Ad intrecciarsi alla storia principale ce n’è un’altra, quella della scomparsa e della ricerca di Thomas Compaoré, giornalista e attivista del Burkina Faso, richiedente asilo affidato al centro di accoglienza di cui si occupa la Onlus di Mauro che avrebbe dovuto sostenere l’intervista con la commissione per poter ottenere il riconoscimento dello status di rifugiato proprio il 20 giugno. Non si sa dove sia andato, forse alla ricerca di lavoro, di quel lavoro nero, sottopagato, che sfrutta la condizione irregolare dei migranti che viene chiamato “caporalato”. Il mistero si infittisce pagina dopo pagina fino all’imprevedibile – o prevedibile, a seconda della conoscenza delle dinamiche nelle quali possono trovarsi i richiedenti asilo e i migranti – finale. Un altro aspetto importante che emerge dal libro di Ehlardo è come sono considerati in Italia i migranti economici. Essi non fuggono da nulla se non dalla miseria, e per questo non hanno diritto ad alcun tipo di protezione. Ma siamo sicuri sia giusto? Perché non istituire anche un “asilo economico” (p.44)? Cercare migliori condizioni di vita non dovrebbe essere un diritto per tutti? Una riflessione su questo tema da parte degli Stati e di tutti i loro cittadini è doverosa.

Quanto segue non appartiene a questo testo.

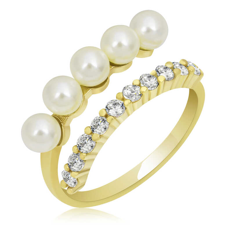 Silver Gold Adjustable Pearl Stone Women's RingFor young people and all women who feel young; the nobility of silver and pearl will reflect your elegance around you. The pearl women's ring model, which you and your loved ones will enjoy wearing, will also be one of the beautiful gifts with which you can share your love in terms of meaning. The silver pearl women's ring model is made of 925 sterling silver. Gold plating is applied on the silver. Gold-plated women's silver pearl rings preserve their shine for a long time and oxidation is delayed. The white stones on the ring are zircon. Like all silver women's rings, the silver pearl women's ring model is produced entirely by hand. Due to silver and precious stones, there may be a ± 10% deviation in the average product weight.Ring Width: 1.90 cmRing Length: 2.30 cmAverage Weight: 2.60 gr.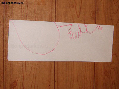 Берем один альбомный листок. Складываем его пополам вдоль. Рисуем на листе основу для будущей поделки на День Святого Валентина, как показано на картинке.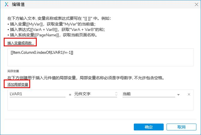 (2)插入变量或函数为[[Item.Column0.indexOf(LVAR1)!=-1]]。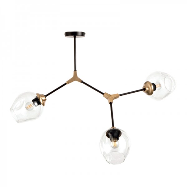 Πρόκειται για ένα μεταλλικό κρεμαστό φωτιστικό μαύρου χρώματος με χρυσαφί διακριτικά στοιχεία και τρεις λαμπτήρες. Το γυαλί είναι διάφανο, αλλά υπάρχει και η επιλογή του φιμέ χρώματος. Ο βραχίονας με τους δύο λαμπτήρες κινείται για να λάβει το επιθυμητό σχήμα. Η μίνιμαλ σχεδίασή του το τοποθετεί σε οποιονδήποτε μοντέρνο εσωτερικό χώρο.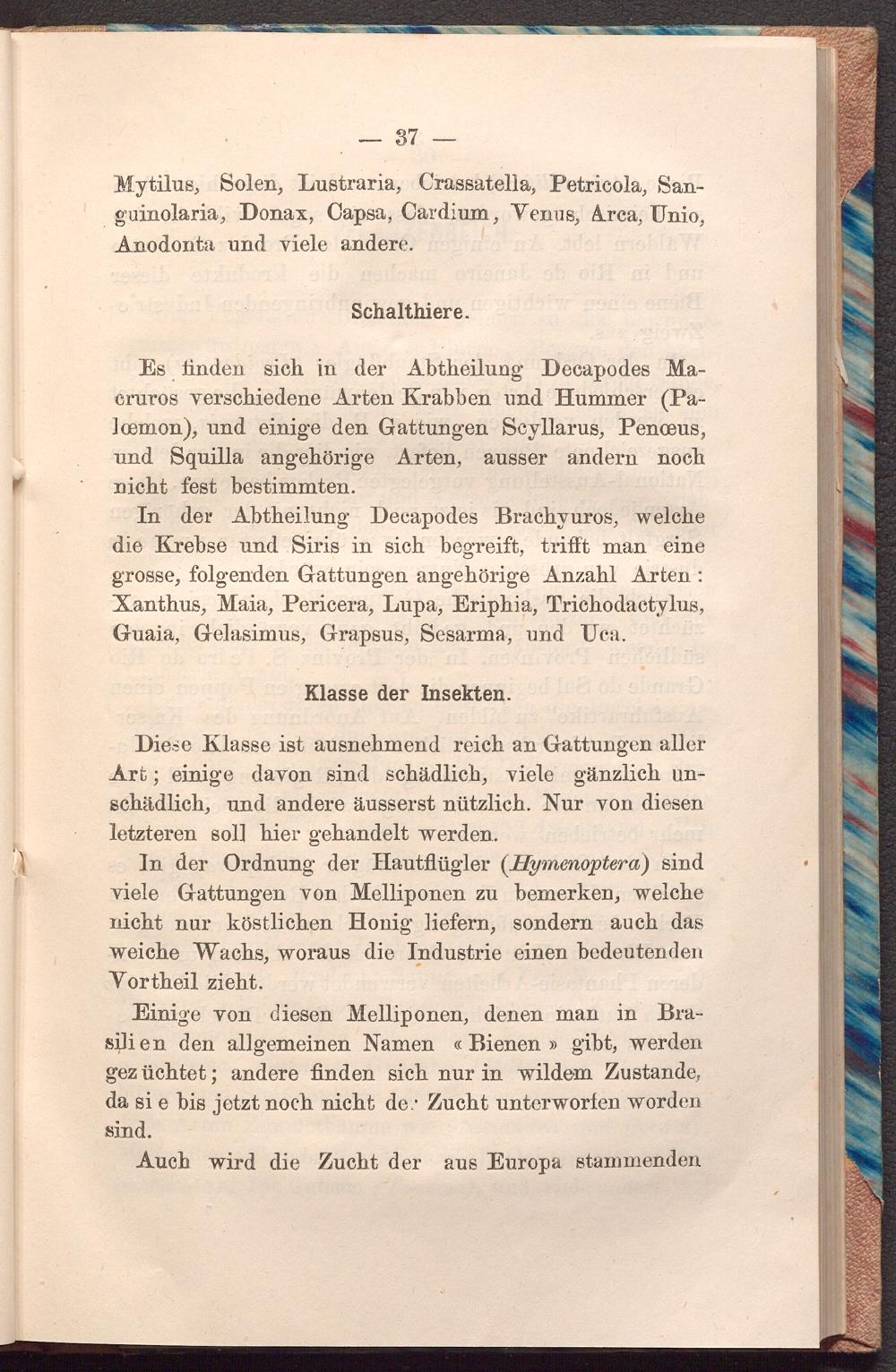 In der Abtheilung Decapodes Brachyuros, welche die Krebse und Siris in sich begreift, trifft man eine grosse, folgenden Gattungen angehörige Anzahl Arten: Xanthus, Maia, Pericera, Lupa, Eriphia, Trichodactylus, Guaia, Gelasimus, Grapsus, Sesarma, und Uca.

Leggere Terzo settore in fondo, più di qualsiasi approfondimento giornalistico o saggistico, rimane il miglior modo per capire a fondo sia la situazione dei richiedenti asilo in Italia sia quella di chi con loro ci lavora, gli operatori sociali che, nonostante le difficoltà, dedicano tutta la loro vita e passione a questa causa. Terzo settore “in fondo”, perché come nella notte di Céline, non si sa dove questa avventura ci porterà; forse più vicino alle nostre paure, per smascherarle. Forse, se solo ne avessimo voglia.